Genes that result in a slender figure have been linked to heart disease and type-two diabetes, conditions normally associated with being overweight.
A study suggests variants of the IRS1 gene reduce fat under the skin, but not the more dangerous visceral fat around organs such as the heart and liver.
Slim people can still have heart risk, researchers warn
The Medical Research Council study, published in Nature Genetics, examined the genes of more than 76,000 people.
The link between the genetic variants and the conditions was stronger in men.
The lead researcher, Dr Ruth Loos, said: "We've uncovered a truly fascinating genetic story and when we found the effect of this gene we were very intrigued.
"It is not only overweight individuals who can be predisposed for these metabolic diseases, and lean individuals shouldn't make assumptions that they are healthy based on their appearance."
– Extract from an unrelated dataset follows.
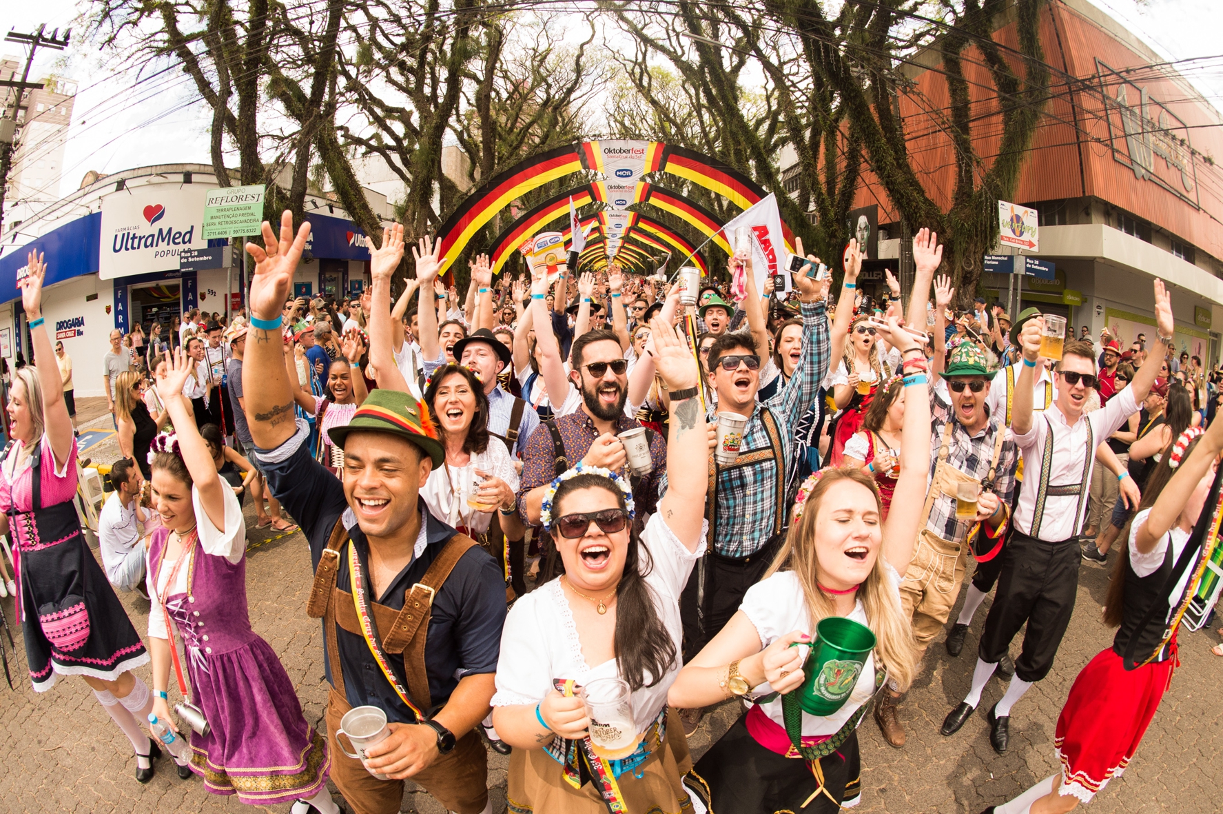 Atrações – Em destaque também estarão as bicicletas Zig Zag Zug que, desta vez, abrem o desfile em grande estilo. A novidade deste ano, a Beer Bike – Bicicleta da Cerveja, também marca presença. Inventada em 1997 na Holanda e parecida com bondes do início do século 20, tem capacidade para até 16 passageiros. A animação ficará novamente a cargo de uma banda fixa, com sonorização em toda a extensão da atração. Além disso, 16 bandinhas típicas serão responsáveis pela musicalidade de cada alegoria. O atrativo ainda vai contar com a presença da Coordenação Executiva da 35ª Oktoberfest, ex-soberanas, ex-presidentes do evento, Fubica do Fritz, turistas, grupos de danças, associações comunitárias, entidades sociais e empresariais, 7º Batalhão de Infantaria Blindado (BIB), centros culturais, Santa Ciclismo e funcionários das empresas patrocinadoras.
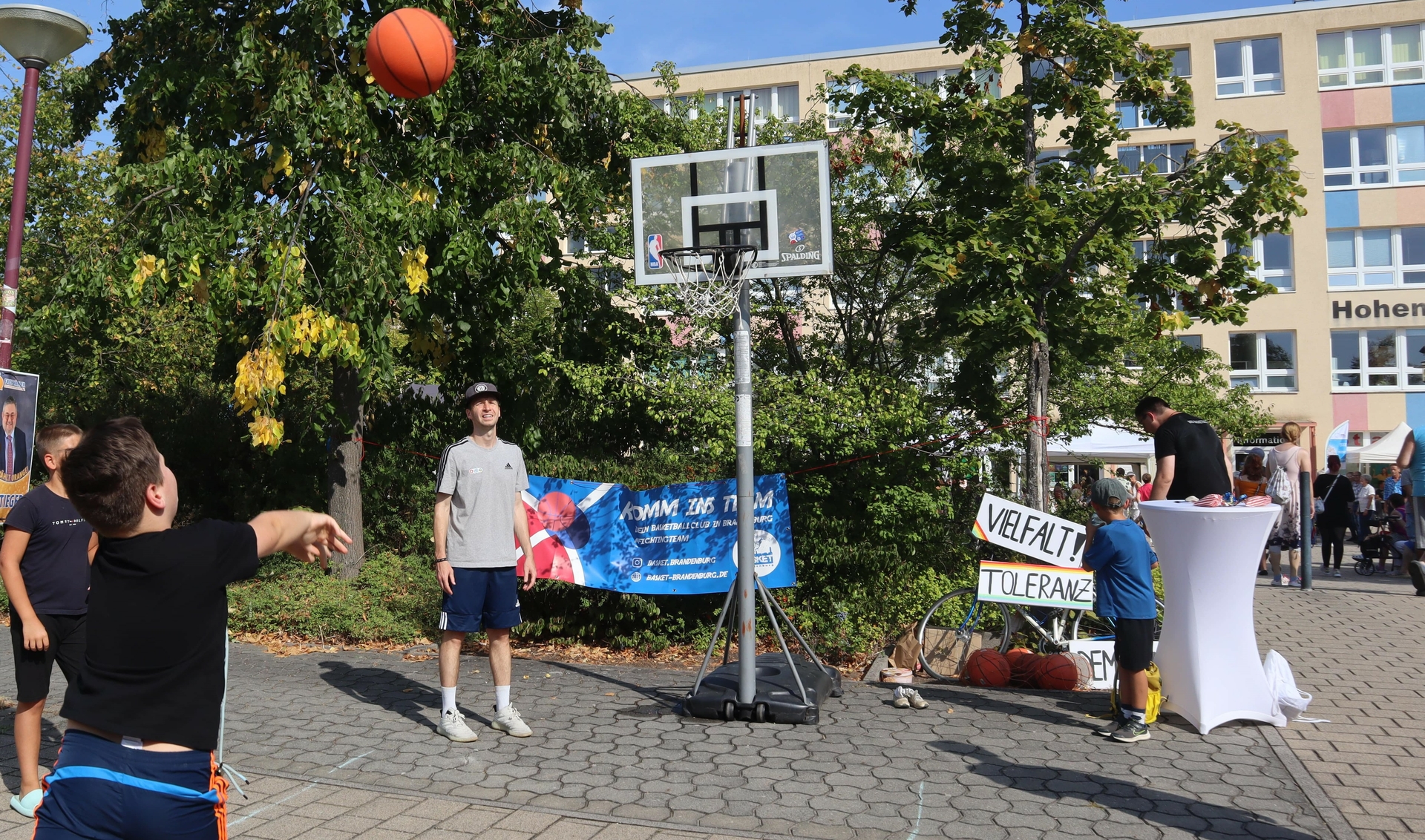 Im Schatten von Pavillons genossen die Gäste dann das Bühnenprogramm bei Kuchen, Bratwurst und Erfrischungsgetränken, die das „Café Martha“ vom SPZ Brandenburg und der Verein AuWiHo organisierten. Dabei sahen die zahlreichen Besucher den Deutschen Jugendmeister der Zauberkunst Till Weyerstall, die Tänzerinnen der Line Dance Gruppe aus dem Bürgerhaus und eine TSA-Jumping-Vorführung.

Dr Iain Frame, director of research at the charity Diabetes UK, said the study could "shed light on why 20% of people with type-two diabetes have the condition despite being a healthy weight".
"It is also a clear message that people who appear slim shouldn't be complacent about their health," he added.
British Heart Foundation associate medical director Prof Jeremy Pearson said: "These results reinforce the idea that it is not just how fat you are, but where you lay down fat that's particularly important for heart risk.
"Fat stored internally is worse for you than fat stored under the skin.
"However, they don't detract from the fact that being overweight is bad for your heart health, so we should still try to stay lean and fit."